We do most of our memory allocation in “memory contexts”, which are usually AllocSets as implemented by src/backend/utils/mmgr/aset.c. The key to successful memory management without lots of overhead is to define a useful set of contexts with appropriate lifespans.

The basic operations on a memory context are:

  • create a context

  • allocate a chunk of memory within a context (equivalent of standard C library’s malloc())

  • delete a context (including freeing all the memory allocated therein)

  • reset a context (free all memory allocated in the context, but not the context object itself)

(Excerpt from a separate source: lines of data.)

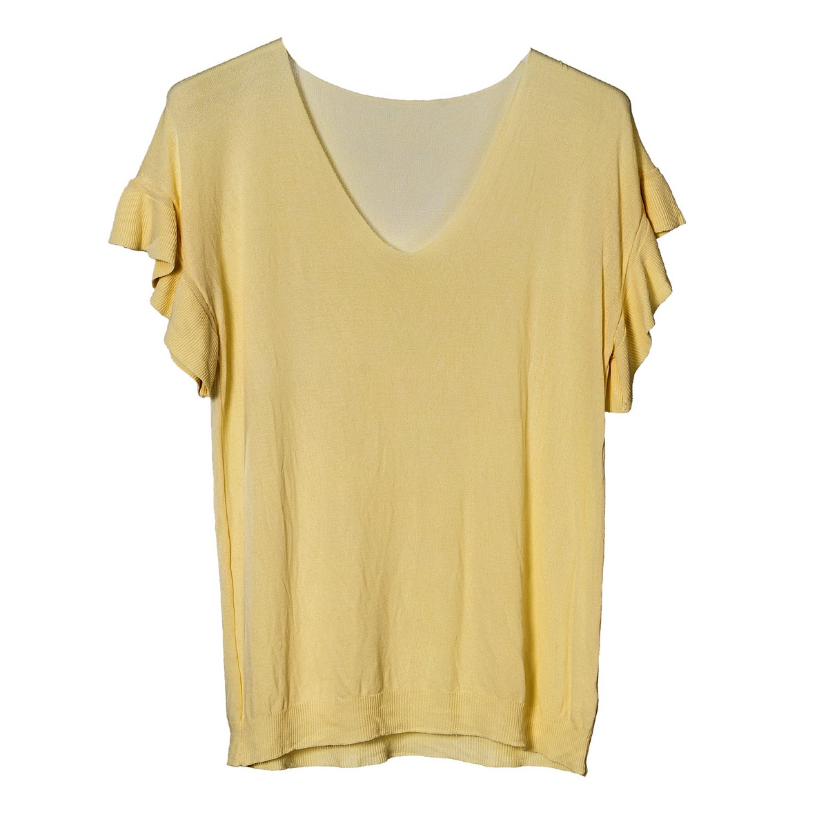 Γυναικεία Μπλούζα λεπτή πλέξη με βέ και βολάν στα μανίκια. Σύνθεση:67 % βισκώζη / 37% πολυαμίδη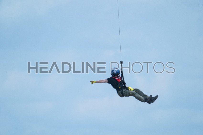Sanford, Florida, USA, April 21, 2024, US Coast Guard Rescue swimmer demonstrating a save During the 2024 Orlando Air Show at the Orlando, Sanford International Airport. (Photo Credit: Marty Jean-Louis)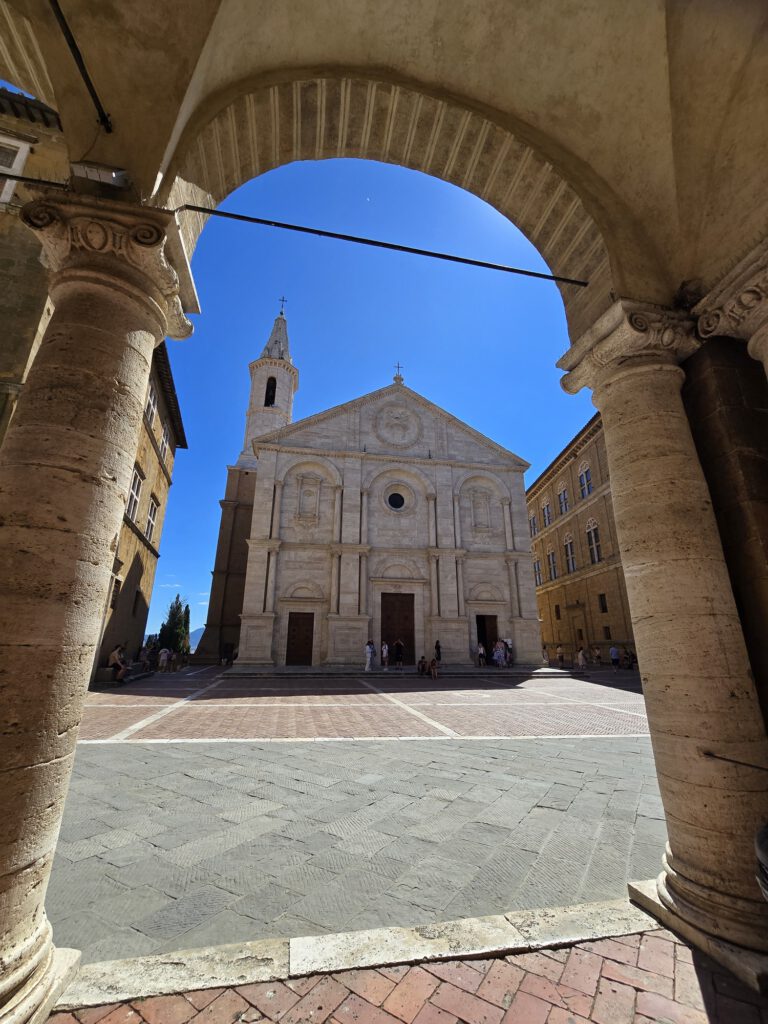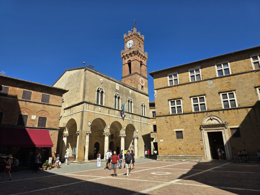Via het centrale plein, Piazza Pio II, lopen we naar het Palazzo Comunale, het historische stadhuis van Pienza. Het gebouw dateert uit de Renaissance en heeft een prachtige façade die de rijke geschiedenis van het stadje weerspiegelt. Op hetzelfde plein staat ook de Duomo di Pienza, een indrukwekkende kathedraal gewijd aan de Assumptie van Maria. We nemen een kijkje binnen en bewonderen de sobere maar elegante interieurdecoratie en de bijzondere kunstwerken die hier te vinden zijn.

Given a chunk of memory previously allocated from a context, one can free it or reallocate it larger or smaller (corresponding to standard C library’s free() and realloc() routines). These operations return memory to or get more memory from the same context the chunk was originally allocated in.

At all times there is a “current” context denoted by the CurrentMemoryContext global variable. The backend macro palloc() implicitly allocates space in that context. The MemoryContextSwitchTo() operation selects a new current context (and returns the previous context, so that the caller can restore the previous context before exiting).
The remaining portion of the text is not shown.